Дальше последовал эмоциональный рассказ о том, как они познакомились на рок-фестивале и как у них «всё было» и до чего же она теперь страдает. Логинов даже позавидовал её оптимизму и жизненным сокам: в пятьдесят пять скакать с молодёжью на концертах, да ещё заполучить, ну пусть по пьяни, но, если верить ей, целых пять раз парня, который моложе её младшего сына…
– Так может, не всё так плохо? Вы – женщина-борец, и что-то я не припомню, чтобы вы когда-либо отступали от намеченной цели, – улыбнувшись, сказал Логинов.
Это было правдой. В периоды мании Мама Сью, как и любой биполярник, могла свернуть горы, и беда тому, кто осмелился бы встать у неё на пути: прошлась бы всеми килограммами, только косточки и похрустывали бы.
– Ну Георгич, родной мой! Федяша трубку не берёт, «забанил» меня в сети, а подруга карты раскинула, говорит, Сусанин, беги, он комар энергетический, тебя выпьет всю, а путного ничего у вас не будет. А карты её никогда не врут.
Она снова всхлипнула, толкая воздух из себя мощным рывком.
– Ну миленький, ну выпиши мне чего-нибудь!
– Да не имею я права выписывать вам лекарства, тем более от любовного недуга, вы это знаете, – придав голосу сочувствие, сказал Логинов.
– Отказываетесь? – она приподняла широкую смоляную бровь.
Логинов молчал. Мама Сью ему уже порядком надоела. Но она больной человек, её, конечно, нельзя оставлять наедине с её любовной катастрофой.
– Напомнить вам про двадцать вторую статью? – холодно процедила Мама Сью.
– Какую ещё статью?
– Статью… это… как её… Закона об основах охраны здоровья граждан. Там сказано, что если врач отказывается лечить пациента, то…
– Стоп-стоп-стоп, – прервал её Логинов. – Во-первых, в этой вашей статье сказано не «лечить», а «предоставить информацию о диагнозе», а диагноз вы и без меня знаете. Во-вторых, Сусанна Суреновна, вы что же, мне тюрьмой угрожаете?
Она несколько секунд сидела молча, не шевелясь, лишь складка под подбородком слегка подрагивала. И вдруг сорвалась с кресла, заметалась по комнате, махая пёстрыми, в пятнах, крыльями, тяжёлая, как летать-то может, но летает, зараза. Толстое шерстистое тело недавней гусеницы извивалось, с трудом удерживая её в воздухе, тонкие лапки поджались под брюшко, как шасси самолёта. И ведь красивая, крупная, тропическая, такая была бы украшением коллекции. Надо послать её Андерсену, сделать приятное старику, поймать бы только, да пыльцу не повредить…
– Доктор, что с вами?
Логинов увидел, как она пятится от него.
…Кресло опрокинуто, розовая прыщавая сумка валяется на полу, Мама Сью, бледная, со съеденной помадой, стоит у двери, и ладонь её в бело-красный крап уже на латунной ручке…
…Господи, что с ним? Что???
– Я же пошутила! Я не собираюсь вам тюрьмой угрожать, боже ж упаси, Феликс Георгич, я же к вам… Да кроме вас, у меня никого…

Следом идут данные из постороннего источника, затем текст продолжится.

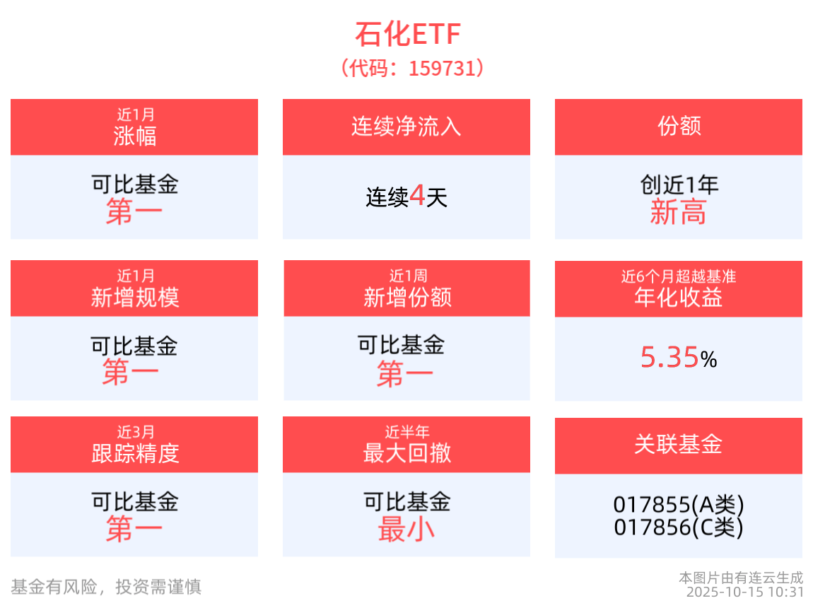 指数及ETF市场表现 - 截至2025年10月15日10:31,中证石化产业指数下跌0.22%,成分股金发科技、和邦生物、中复神鹰领涨,联泓新科、彤程新材、荣盛石化领跌 [1] - 石化ETF(159731)当日下跌0.38%,报价0.78元,近3月累计上涨14.72%,涨幅在可比基金中排名第一 [1] - 石化ETF近4天连续资金净流入,合计401.87万元,份额达6137.58万份,创近1年新高,近1月规模增长470.06万元 [1] - 截至2025年10月14日,石化ETF近6月净值上涨21.93%,自成立以来最高单月回报为15.86%,最长连涨月数为5个月,连涨涨幅22.33%,上涨月份平均收益率5.27% [1] - 石化ETF近6个月超越基准年化收益为5.35% [1] - 石化ETF近半年最大回撤4.36%,相对基准回撤0.14%,为可比基金中最小,回撤后修复天数为16天,近3月跟踪误差0.034%,跟踪精度最高 [2] 行业基本面与前景 - 基础化工行业需求稳定且全球供给主导,重点关注三氯蔗糖、农药、MDI、氨基酸等子行业 [2] - 内需驱动的制冷剂、化肥、染料等细分领域有望对冲关税冲击,其中磷肥、钾肥、复合肥及染料行业表现活跃 [2] - 周期底部逐步明确,供需边际改善的有机硅、氨纶等子行业因产能先投放或优先恢复 [2] - 1~8月化学原料和化学制品制造业利润总额同比下降5.5%,但双氧水、氢氟酸等产品价格强势上涨,主因装置集中检修及新能源需求支撑 [2] - 行业整体处于资本开支释放后的再平衡阶段 [2] 指数成分与ETF信息 - 石化ETF(159731)紧密跟踪中证石化产业指数,截至2025年9月30日,指数前十大权重股为万华化学、中国石油、盐湖股份、中国石化、中国海油、巨化股份、藏格矿业、金发科技、华鲁恒升和宝丰能源,合计占比55.12% [2] - 石化ETF场外联接基金为华夏中证石化产业ETF发起式联接A(017855)和联接C(017856) [3]

Логинов быстро, в два-три шага, подскочил к окну, схватил с подоконника маленькую пластмассовую лейку для комнатных цветов и с жадностью глотнул воды. Мама Сью смотрела на него блестящими глазами-монетами и молчала.
– Вы хотите таблетку от любви? Будет вам таблетка!
Он подошёл к висевшей в углу куртке и вытащил из кармана пластиковый пузырёк. Потом повернулся к ошеломлённой Маме Сью и высыпал ей в ладонь две таблетки.
– Больше не дам.
Она принялась благодарить его, и ему показалось, что из её кички-курганчика на голове торчит усико. Ах, нет, шпилька вылезла. Смешно. И он захохотал.
Мама Сью торопливо попрощалась, заявив, что он лучший на свете, и, схватив с пола сумку, вышла.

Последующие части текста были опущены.